Biostatistics Seminar Series


“A Novel Statistical Method for Quantitative Comparison of Multiple ChIP-seq Datasets”



Hao Wu, PhD

Assistant Professor, Department of Biostatistics and Bioinformatics

Rollins School of Public Health, Emory University



10/21/2013 ~3:30pm
Room 245, 121 South Main Street, Providence
Refreshments beginning at 3:15pm

ChIP-seq is a powerful technology for detecting the protein binding sites in the whole genome scale. Although the method for single ChIP-seq data analyses (e.g., “peak detection”) has been well developed, rigorous statistical method for comparing multiple ChIP-seq datasets with the considerations of control data, biological variation, and multiple-factor experimental designs are not yet available.

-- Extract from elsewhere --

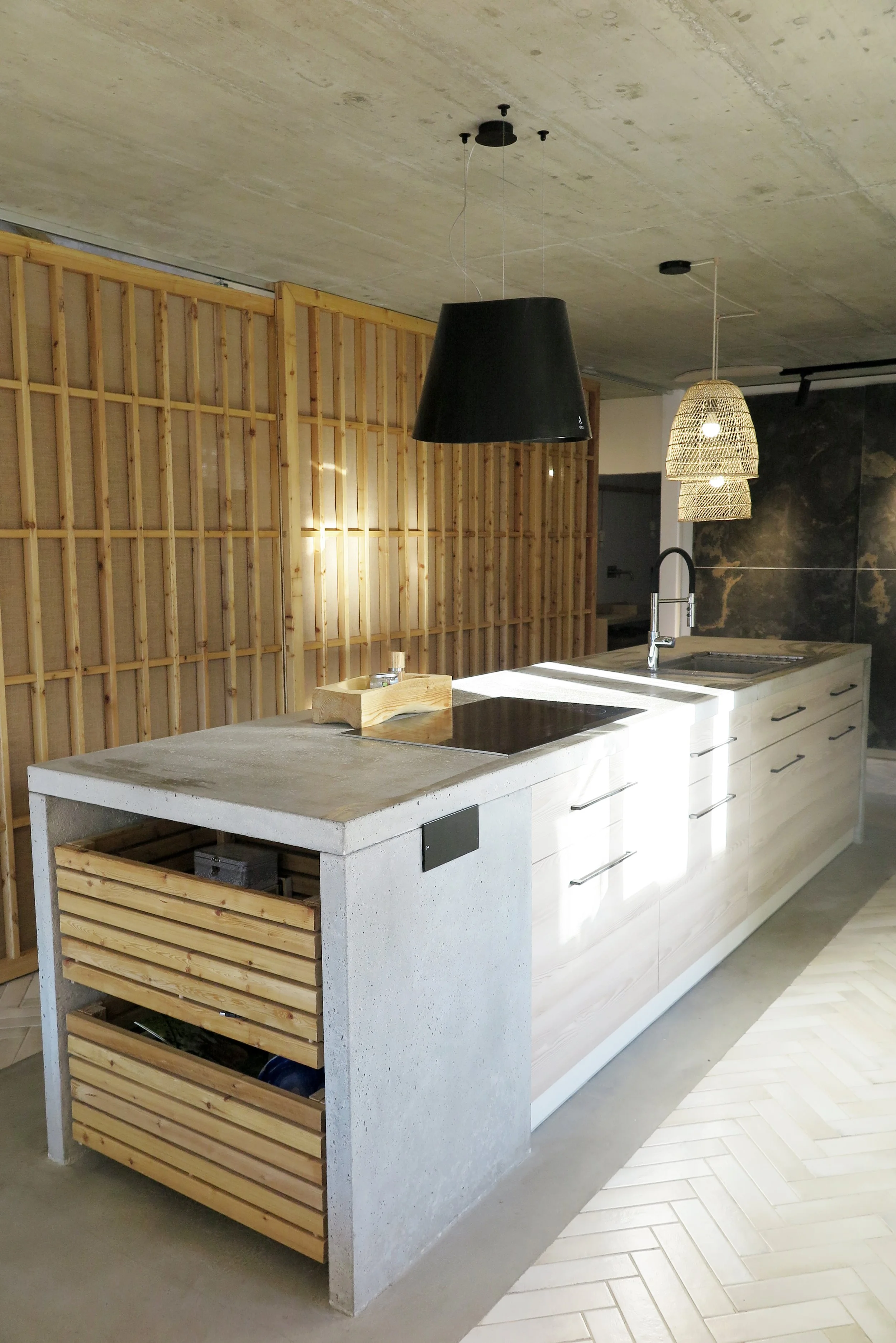 Interiér rodinného domu v Gattendorfe sleduje zadanie japonského minimalizmu v zmysle filozofie - wabi- sabi.

In this work we develop a statistical method to perform quantitative comparison of multiple ChIP-seq datasets and detect genomic regions showing differential binding (DB). We first take an union of the peaks called from all datasets to form candidate DB regions. For each dataset, the count from IP sample at a candidate region is assumed to follow Poisson distribution. The underlying Poisson rate is assumed to be the multiplication of artifact and true biological signal, and the artifact is modeled as a function of the control data. For each individual dataset, we first estimate and remove the artifacts to obtain estimated biological signals. These quantities are then passed into hypothesis testing procedures for differential binding analysis. Simulations and real data analyses demonstrate that the proposed method performs favorably in detecting differential binding compared with existing methods.